Effect of intravenous odansetron in hospitalized patients on measured QTC interval

Affiliations

Advocate Lutheran General Hospital

Abstract

Introduction: Ondansetron is commonly used in hospitalized patients to treat nausea and vomiting. Ondansetron is a known QT-prolonging medication, but its effect on QTc in hospitalized patients has not been fully established. Objective: Evaluation of changes in corrected QT intervals (QTc) on followup EKGs after the administration of ondansetron plus or minus the co-administration of a QT-prolonging medication.

Methods: This was a single-institution, retrospective study utilizing electronic medical records from January 2017 - December 2017. All adult patients who had an initial EKG during the hospitalization prior to receiving intravenous ondansetron and a subsequent EKG performed within six hours of the administration of ondansetron were included. Patients were then separated into Group I, (receiving a QT-prolonging medication at the time of ondansetron administration), and Group II, (not receiving an additional QT-prolonging medication at the time of ondansetron administration).
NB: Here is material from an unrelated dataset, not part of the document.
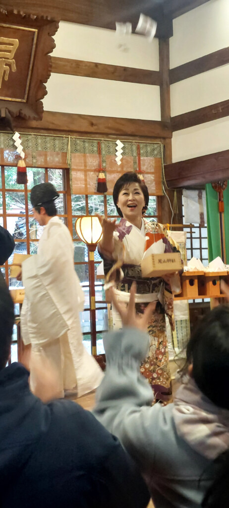 島津悦子 地元・金沢市の尾山神社節分祭豆撒き神事に参加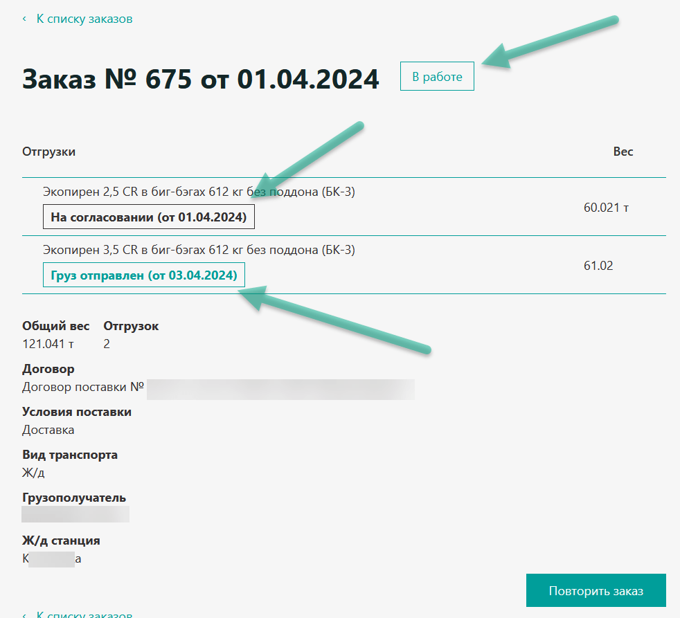 Так как покупатели часто заказывают однотипную продукцию, то для их удобства был реализован функционал повторения (копирования) заказов – включая уже произведённое ранее разбиение на отгрузки. Это экономит их время и снижает вероятность ошибок.

Group III consisted of randomized group of age and sex-matched controls.

Results: A total of 55 inpatients met our patient inclusion criteria, (17 patients in Group I and 38 patients in Group II). Mean change in QTc were +10.3ms in Group I (p = 0.21), +2.2ms in Group II (p = 0.0001), and 3.5ms in Group III (p = 0.13). Follow up QTc >500ms was seen in 4/17 (24%) patients in Group I, 4/38 (11%) patients in Group II and 3/100 patients in Group III (3%). Compared to Group III, OR for the development of QTc >500ms in Group I was 10.8 (95% CI 2.1-54.1, p <0.01).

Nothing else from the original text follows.